*Requirement*: Your task is to repeat the entries exactly. Leave the pictures out.
━━━━
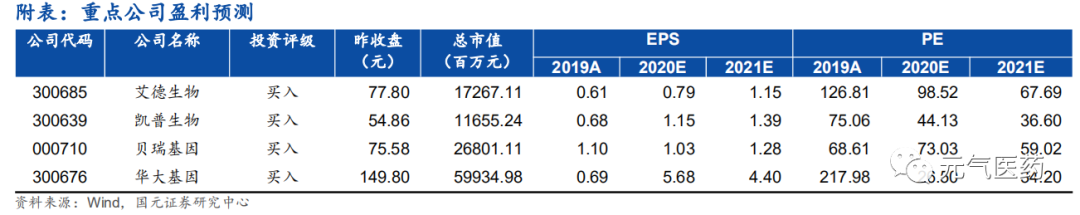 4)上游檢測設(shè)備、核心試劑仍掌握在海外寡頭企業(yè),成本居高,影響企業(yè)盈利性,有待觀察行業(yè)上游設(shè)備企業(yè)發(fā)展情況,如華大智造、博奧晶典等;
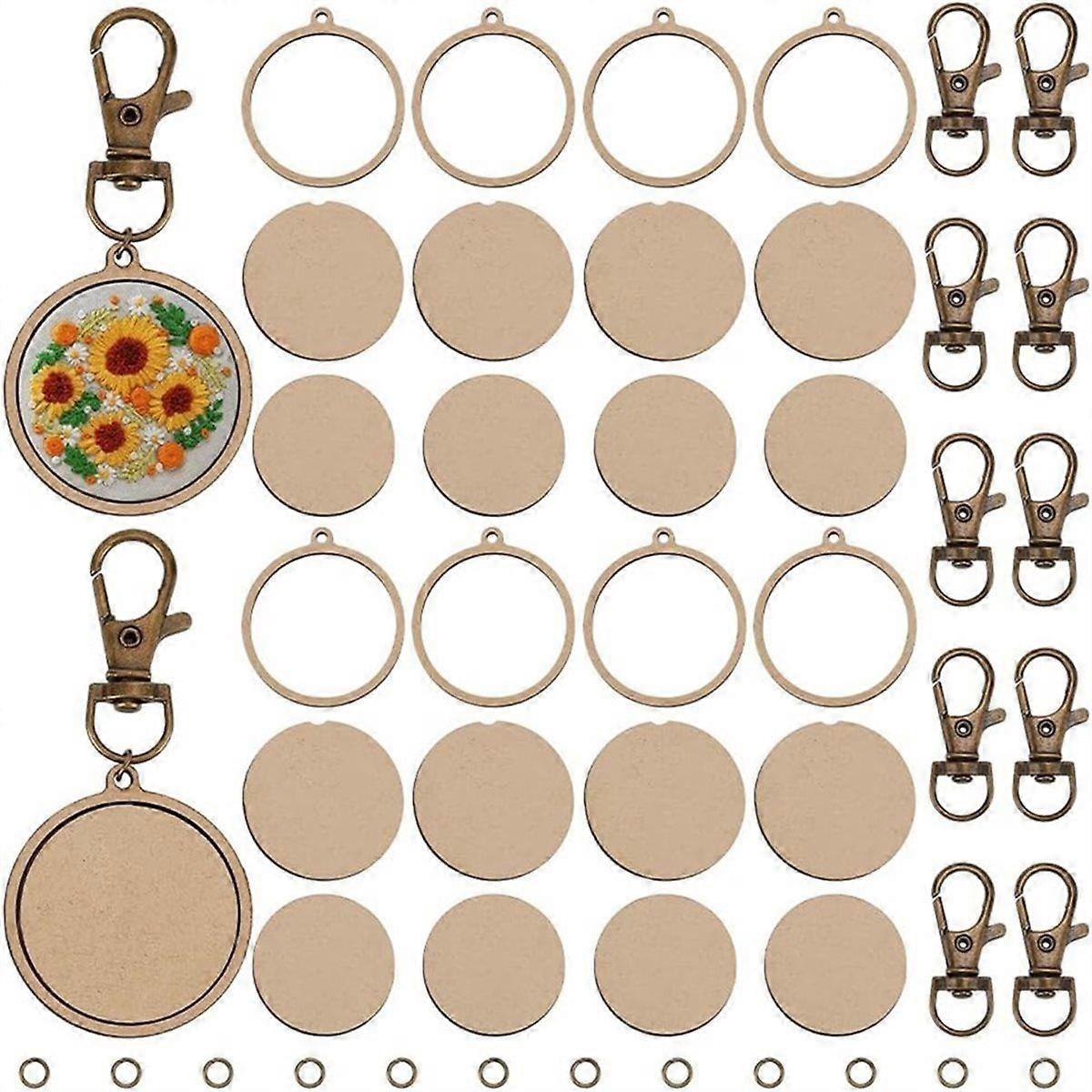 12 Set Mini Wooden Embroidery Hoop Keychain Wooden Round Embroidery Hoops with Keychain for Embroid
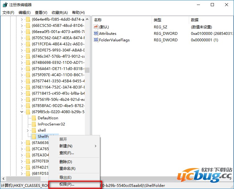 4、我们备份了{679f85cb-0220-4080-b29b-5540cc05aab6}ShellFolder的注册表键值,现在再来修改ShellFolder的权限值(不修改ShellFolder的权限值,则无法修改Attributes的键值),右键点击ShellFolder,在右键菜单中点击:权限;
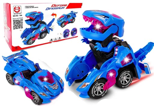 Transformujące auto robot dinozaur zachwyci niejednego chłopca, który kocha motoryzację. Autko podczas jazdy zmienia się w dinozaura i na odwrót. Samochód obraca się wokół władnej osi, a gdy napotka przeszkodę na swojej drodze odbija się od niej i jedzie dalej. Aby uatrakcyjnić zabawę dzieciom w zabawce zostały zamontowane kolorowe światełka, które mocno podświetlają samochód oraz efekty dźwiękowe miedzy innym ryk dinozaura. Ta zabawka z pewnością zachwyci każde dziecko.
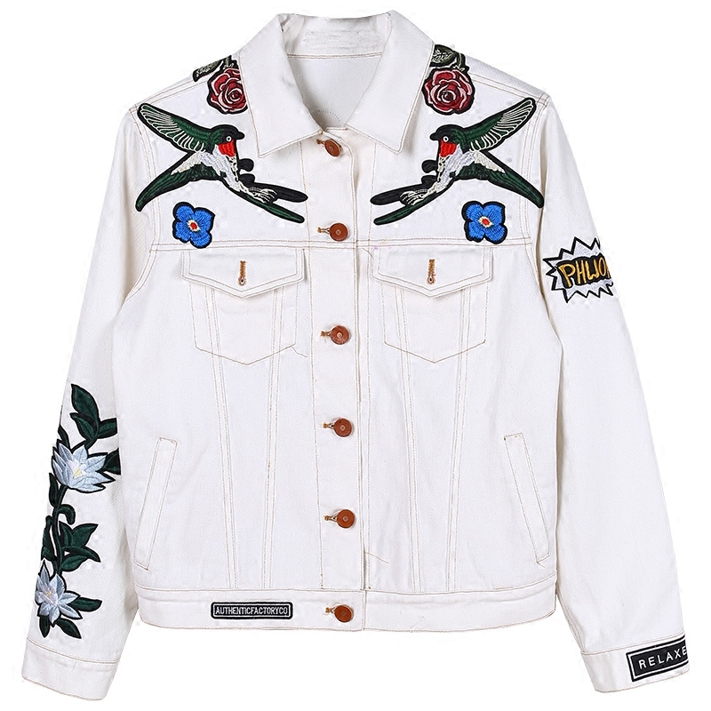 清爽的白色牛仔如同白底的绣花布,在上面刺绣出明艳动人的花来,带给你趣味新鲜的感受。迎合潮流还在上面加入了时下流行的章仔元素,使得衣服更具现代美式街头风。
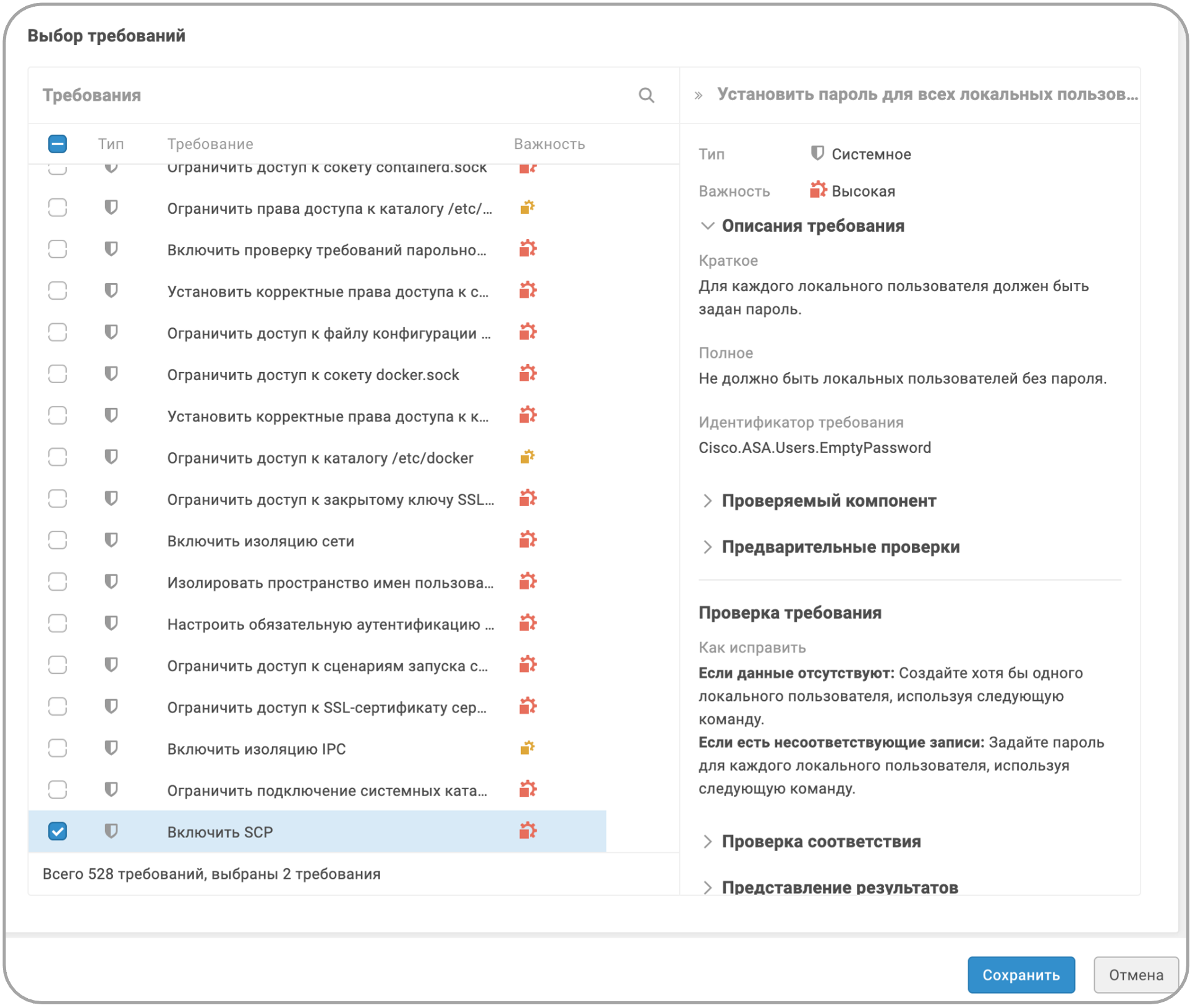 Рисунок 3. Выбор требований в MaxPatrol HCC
━━━━
*Answer below*:
 4)上游檢測設(shè)備、核心試劑仍掌握在海外寡頭企業(yè),成本居高,影響企業(yè)盈利性,有待觀察行業(yè)上游設(shè)備企業(yè)發(fā)展情況,如華大智造、博奧晶典等;
 12 Set Mini Wooden Embroidery Hoop Keychain Wooden Round Embroidery Hoops with Keychain for Embroid
 4、我们备份了{679f85cb-0220-4080-b29b-5540cc05aab6}ShellFolder的注册表键值,现在再来修改ShellFolder的权限值(不修改ShellFolder的权限值,则无法修改Attributes的键值),右键点击ShellFolder,在右键菜单中点击:权限;
 Transformujące auto robot dinozaur zachwyci niejednego chłopca, który kocha motoryzację. Autko podczas jazdy zmienia się w dinozaura i na odwrót. Samochód obraca się wokół władnej osi, a gdy napotka przeszkodę na swojej drodze odbija się od niej i jedzie dalej. Aby uatrakcyjnić zabawę dzieciom w zabawce zostały zamontowane kolorowe światełka, które mocno podświetlają samochód oraz efekty dźwiękowe miedzy innym ryk dinozaura. Ta zabawka z pewnością zachwyci każde dziecko.
 清爽的白色牛仔如同白底的绣花布,在上面刺绣出明艳动人的花来,带给你趣味新鲜的感受。迎合潮流还在上面加入了时下流行的章仔元素,使得衣服更具现代美式街头风。
 Рисунок 3. Выбор требований в MaxPatrol HCC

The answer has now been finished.